Pressure Transients due to Compression of Trapped Air in Rapidly Filling Sewer Storage Tunnels
Increasing numbers of lines of evidence indicate that entrapment of large pockets of air during the rapid filling of stormwater and combined sewer systems may result in detrimental system behaviour. Wright et al. (2007) and Vasconcelos and Wright (2011) discuss the results of laboratory experiments in which an air pocket arriving at a vertical riser forces water standing in the riser to be propelled upwards. Lewis et al. (2011) and Wright et al. (2011) present the results of field measurements in a stormwater tunnel and conclude that the release of entrapped air must be responsible for the formation of observed geysers through a large diameter manhole. Vasconcelos and Wright (2006) discuss a number of ways by which rapidly filling pipelines can trap large air pockets. Vasconcelos and Wright (2007; 2009) demonstrate through laboratory experiments and numerical modeling that compression of the air within a trapped air pocket may alter the dynamics of the water phase flow. A related question associated with these observations of air pocket interactions is whether the presence of trapped air can lead to significant pressure transients.

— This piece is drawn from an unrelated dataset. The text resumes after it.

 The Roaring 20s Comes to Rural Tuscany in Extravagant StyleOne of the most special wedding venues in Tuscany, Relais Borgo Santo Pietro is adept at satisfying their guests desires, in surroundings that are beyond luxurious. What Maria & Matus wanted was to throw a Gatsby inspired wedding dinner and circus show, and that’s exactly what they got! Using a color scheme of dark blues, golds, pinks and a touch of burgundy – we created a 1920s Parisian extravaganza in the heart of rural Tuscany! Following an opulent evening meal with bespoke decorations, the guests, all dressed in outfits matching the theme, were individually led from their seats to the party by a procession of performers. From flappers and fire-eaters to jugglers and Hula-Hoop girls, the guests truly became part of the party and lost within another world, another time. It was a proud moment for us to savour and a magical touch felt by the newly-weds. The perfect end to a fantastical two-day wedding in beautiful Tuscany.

Martin (1976) demonstrated through numerical modeling that the compression of trapped air pockets during the filling of a pipeline closed on one end could result in large transient pressures. Although the assumed flow configuration is not particularly relevant to large sewer systems, it is possible to envision filling scenarios that result in air compression, so the possibility of significant transient pressures should be considered.

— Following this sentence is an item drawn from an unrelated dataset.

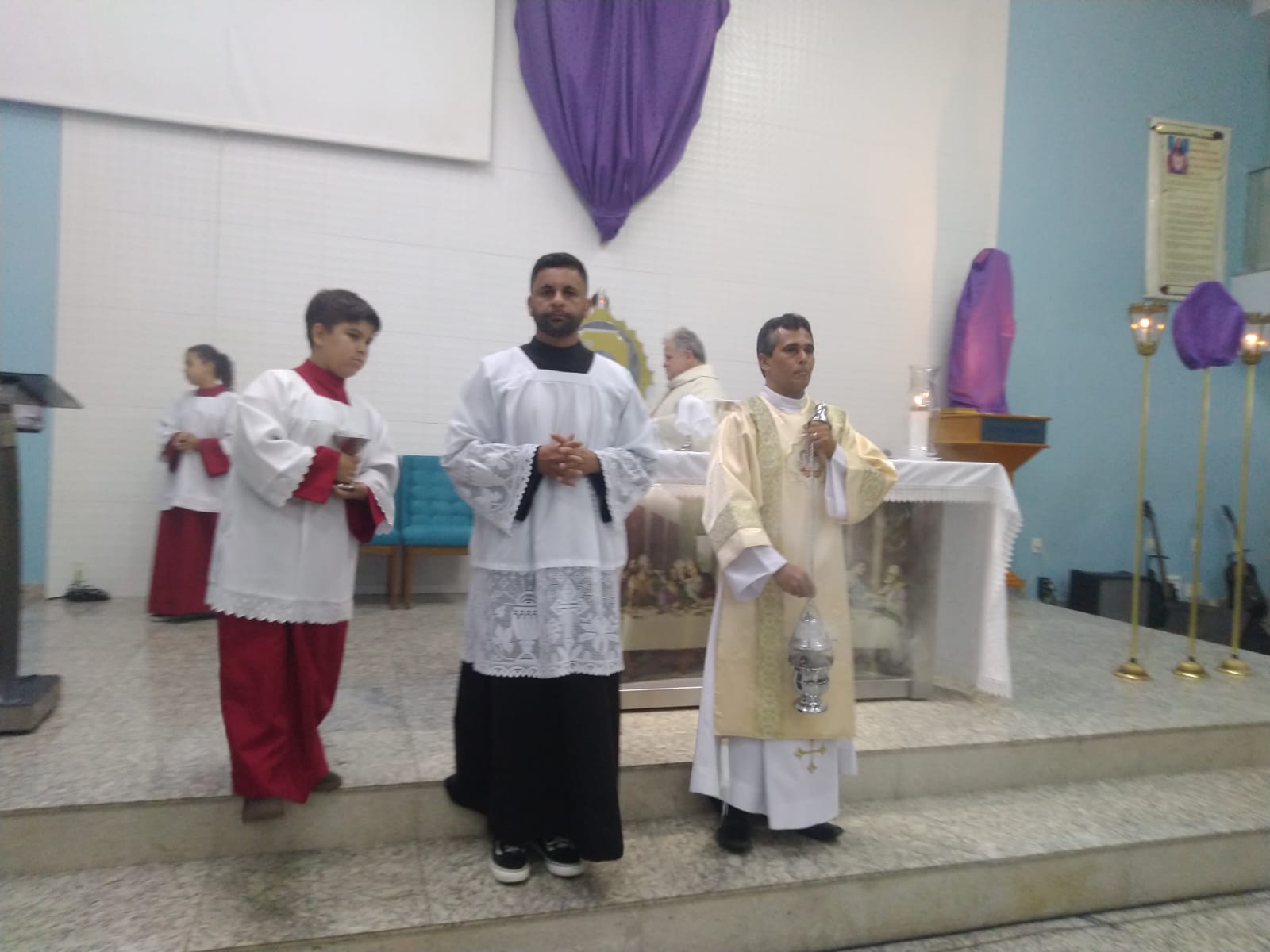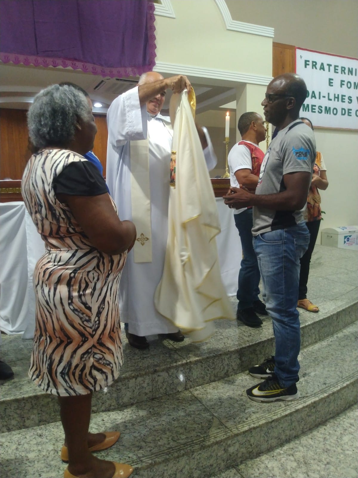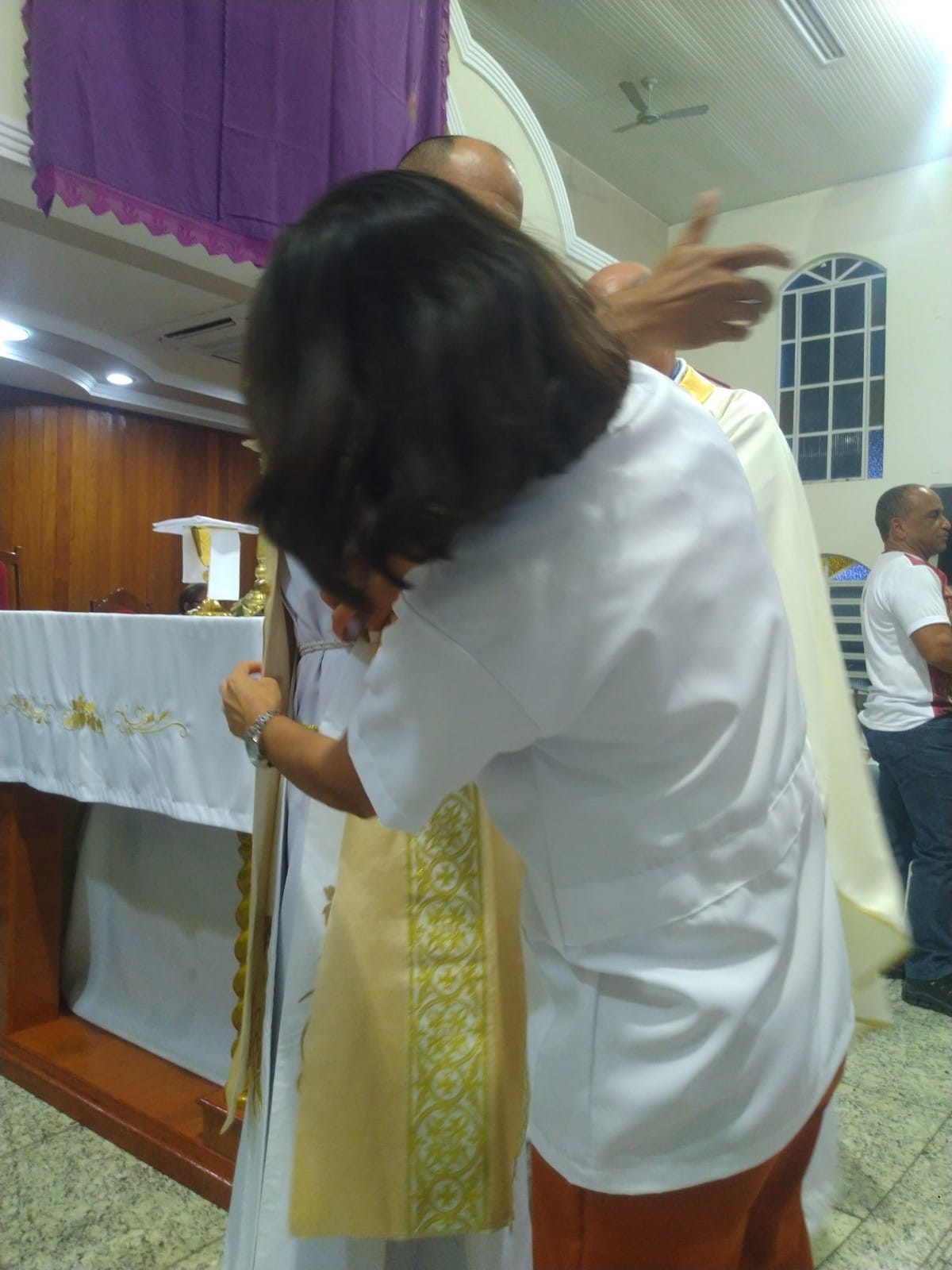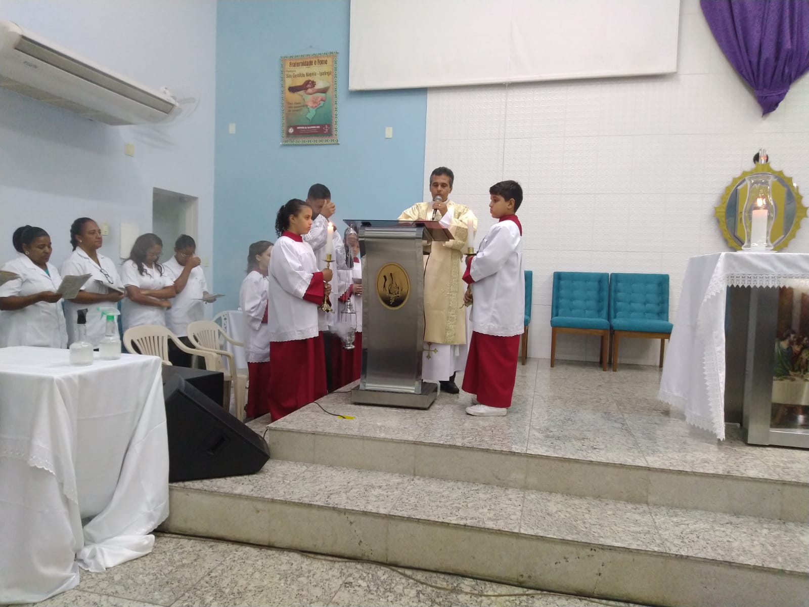 O Padre Geraldo Morini e o Diácono Henrique começaram a missa sem suas vestes, que logo lhes foram ofertadas por fiéis.

A version of the numerical model developed by Vasconcelos et al. (2006a; 2006b) to simulate the filling of nearly horizontal conduits has been applied to the design analysis of proposed combined sewer overflow storage tunnels (Lautenbach et al., 2008). In a number of simulations, the model predicts that a large volume of air will be trapped during the filling process. There are several mechanisms by which this can occur, all of which appear to be associated with the development and propagation of a hydraulic bore. Figure 1.1 indicates one of these mechanisms in which the air pocket is predicted to form following reflection of a bore off the upstream end of the filling tunnel. Since the model only simulates the water phase, the air pocket is treated as a void in the simulation and it subsequently vanishes as the filling process proceeds. The collapse of this void produces a transient like a water hammer in the simulation, which is not actually expected to occur since there would be air present to cushion the collision of the bore with the water filling from the opposite end of the tunnel. However, the mechanism described by Martin (1976) suggests that large system pressures could develop during the air compression process. Although Vasconcelos and Wright (2009) have modified the basic numerical model formulation to account for the presence of air above the water surface, this modification only applies for a continuous layer of air that extends to a ventilation location, and cannot be easily adapted to simulate trapped air pockets. This chapter presents the results of a preliminary laboratory investigation to measure pressure transients associated with a hydraulic bore impinging on a trapped air pocket. These results suggest that this situation may be a cause for concern in the design of large diameter storage tunnel systems.